Let’s return to the sample space $S$ representing the population of the planet Earth:

Let’s talk about the ‘annual income’ variable (or feature). We might conceptualize it as a “machine” into which we feed individuals from the population, and then the machine spits out their annual income:

I’ve given this machine the name $I$, to stand for Income. We might also be interested in the ‘age’ variable; this leads us to consider another “machine,” this time named $A$:

The obsession that mathematicians have with “machines” is because they are concrete and easily understandable metaphors for the more formal notion of a mathematical function. Above, the “machines” $I$ and $A$ are simply objects that have inputs and outputs—indeed, both have inputs consisting of people, and the outputs are numbers. But this is exactly what a formal mathematical function is—it’s an object that has inputs and outputs! So, our “machines” above are really none other than functions, in the precise, mathematical sense.

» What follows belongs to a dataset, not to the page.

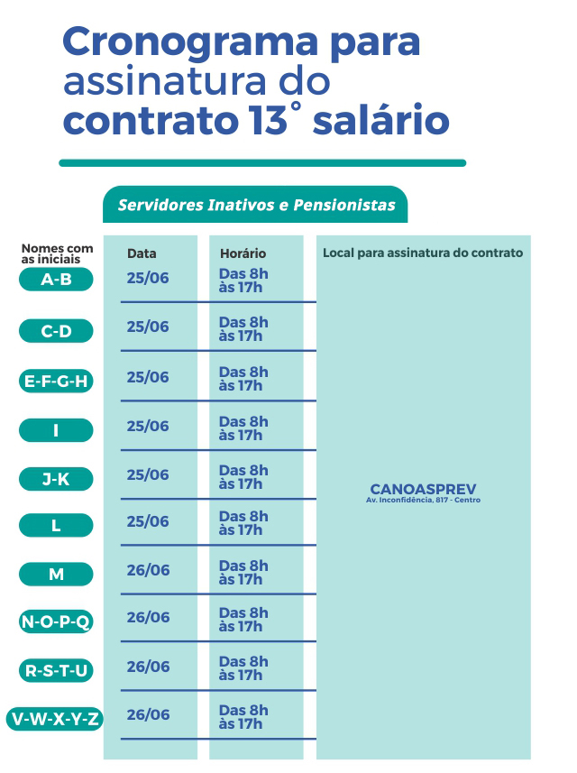 A Prefeitura de Canoas divulga o cronograma previsto de datas e locais para os servidores realizarem a adesão à antecipação da primeira parcela do 13º salário. Aqueles servidores, tanto ativos como inativos, que desejarem aderir à antecipação, deverão se dirigir aos locais nas datas informadas abaixo. O cronograma foi organizado de acordo com a letra inicial dos nomes dos servidores.

To drive this point home, we might even use functional notation:

This way of writing things is modelled after the familiar functional notation used in other parts of mathematics:

Our functions $I$ and $A$ may both be written as

\[I:S \to \mathbb{R} \quad \text{and} \quad A: S \to \mathbb{R}.\]

This means that the domain of both $I$ and $A$ is the population $S$, while the outputs lie in the set $\mathbb{R}$ of real numbers.

So, does this mean that a random variable is secretly just a function? Yup! Here’s the definition:

Definition 4.1

Let $S$ be a probability space. A random variable on $S$ is a function $X:S \to \mathbb{R}$.

Therefore, a random variable on a sample space is nothing but a function that takes sample points as inputs, and spits out real numbers. That’s it!

Before we do some practice problems with random variables, let me add a few quick remarks:

It is traditional in probability theory to use capital letters toward the end of the alphabet to name generic random variables, like $X$, $Y$, and $Z$, instead of the more familiar lower case letters like $f$, $g$, and $h$. $X$.
If a capital letter is used to represent a random variable itself, then the lowercase version of the same letter is often used to represent the generic output of a random variable. So, the functional notation template $f(x)=y$ that you are familiar with from calculus becomes

\[X(s) = x \quad \text{or} \quad Y(s) = y \quad \text{or} \quad Z(s) = z\]

in probability theory.
With all this being said, this ‘capital letter $=$ random variable’ convention is not always strictly followed, especially if you read other textbooks, research papers, etc. Frankly, struggling through an author’s choice for statistical and probabilistic notation can sometimes be quite a nightmare.

Now:

Problem Prompt

Let’s get some practice with random variables! Do problems 1-4 on the worksheet.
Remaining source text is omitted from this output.